[EXERCISE REQUIREMENTS]: Could you set down the listing below exactly and omit its images?

[DATA SHOWN]:
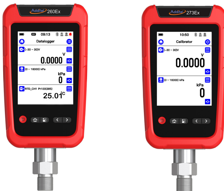
Additel 273Ex and 260Ex with ADT158 pressure module installed
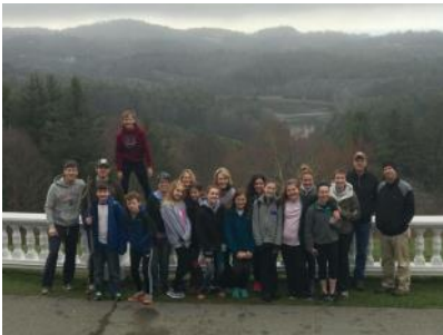
Scenes from last year's retreat

Students and mentors will spend time sharing with one another and growing together, take a hike at Moses Cone State Park, roast s'mores and watch the movie To Kill a Mockingbird as we try to grow in faith and to one another. Participants will make a banner representing the theme of the weekend (watch for pictures in an upcoming edition.)

[OUTPUT OF THE TASK]:
Additel 273Ex and 260Ex with ADT158 pressure module installed
Scenes from last year's retreat

Students and mentors will spend time sharing with one another and growing together, take a hike at Moses Cone State Park, roast s'mores and watch the movie To Kill a Mockingbird as we try to grow in faith and to one another. Participants will make a banner representing the theme of the weekend (watch for pictures in an upcoming edition.)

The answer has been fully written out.